### Supplied information:
------------------------------------------------------------

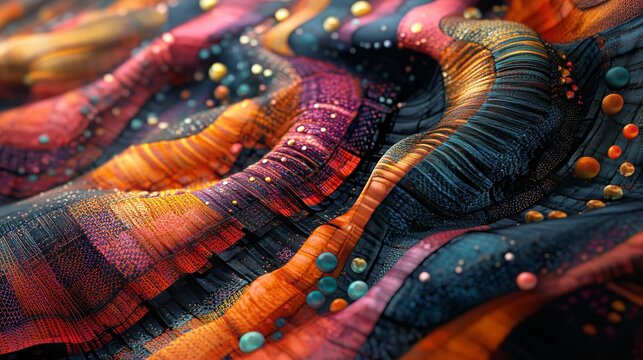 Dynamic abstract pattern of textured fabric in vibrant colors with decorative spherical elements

------------------------------------------------------------

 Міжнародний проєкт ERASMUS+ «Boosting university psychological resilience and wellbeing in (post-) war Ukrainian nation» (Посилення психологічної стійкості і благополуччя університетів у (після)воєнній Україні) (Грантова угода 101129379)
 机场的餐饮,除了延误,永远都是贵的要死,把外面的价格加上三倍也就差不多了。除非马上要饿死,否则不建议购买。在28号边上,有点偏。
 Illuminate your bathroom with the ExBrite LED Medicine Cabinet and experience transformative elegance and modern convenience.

------------------------------------------------------------

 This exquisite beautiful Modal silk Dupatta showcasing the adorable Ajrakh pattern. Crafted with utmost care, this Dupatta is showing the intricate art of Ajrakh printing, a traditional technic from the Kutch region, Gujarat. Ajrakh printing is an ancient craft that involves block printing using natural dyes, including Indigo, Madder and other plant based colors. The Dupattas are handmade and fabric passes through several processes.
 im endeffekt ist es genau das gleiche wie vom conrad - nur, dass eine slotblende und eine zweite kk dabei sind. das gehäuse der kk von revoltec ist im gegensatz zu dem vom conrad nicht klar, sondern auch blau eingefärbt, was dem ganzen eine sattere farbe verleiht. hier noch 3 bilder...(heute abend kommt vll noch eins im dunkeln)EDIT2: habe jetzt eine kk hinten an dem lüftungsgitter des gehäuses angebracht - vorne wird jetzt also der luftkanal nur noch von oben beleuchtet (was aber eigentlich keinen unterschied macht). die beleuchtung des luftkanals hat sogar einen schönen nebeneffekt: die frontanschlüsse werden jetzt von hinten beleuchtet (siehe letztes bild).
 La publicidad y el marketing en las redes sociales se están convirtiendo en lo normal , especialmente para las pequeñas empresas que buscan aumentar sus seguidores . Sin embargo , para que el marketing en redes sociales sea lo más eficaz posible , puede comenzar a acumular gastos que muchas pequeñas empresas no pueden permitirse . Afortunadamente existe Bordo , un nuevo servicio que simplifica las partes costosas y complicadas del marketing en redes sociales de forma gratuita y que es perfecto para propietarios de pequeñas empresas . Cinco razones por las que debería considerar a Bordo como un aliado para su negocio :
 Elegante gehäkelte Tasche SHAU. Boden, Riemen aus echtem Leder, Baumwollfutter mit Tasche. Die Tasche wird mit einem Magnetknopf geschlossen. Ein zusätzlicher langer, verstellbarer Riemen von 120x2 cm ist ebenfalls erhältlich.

------------------------------------------------------------

### Exercise goal:
From the listing above, return every line that contains the word "wird".

### Solution to the exercise:
 im endeffekt ist es genau das gleiche wie vom conrad - nur, dass eine slotblende und eine zweite kk dabei sind. das gehäuse der kk von revoltec ist im gegensatz zu dem vom conrad nicht klar, sondern auch blau eingefärbt, was dem ganzen eine sattere farbe verleiht. hier noch 3 bilder...(heute abend kommt vll noch eins im dunkeln)EDIT2: habe jetzt eine kk hinten an dem lüftungsgitter des gehäuses angebracht - vorne wird jetzt also der luftkanal nur noch von oben beleuchtet (was aber eigentlich keinen unterschied macht). die beleuchtung des luftkanals hat sogar einen schönen nebeneffekt: die frontanschlüsse werden jetzt von hinten beleuchtet (siehe letztes bild).
 Elegante gehäkelte Tasche SHAU. Boden, Riemen aus echtem Leder, Baumwollfutter mit Tasche. Die Tasche wird mit einem Magnetknopf geschlossen. Ein zusätzlicher langer, verstellbarer Riemen von 120x2 cm ist ebenfalls erhältlich.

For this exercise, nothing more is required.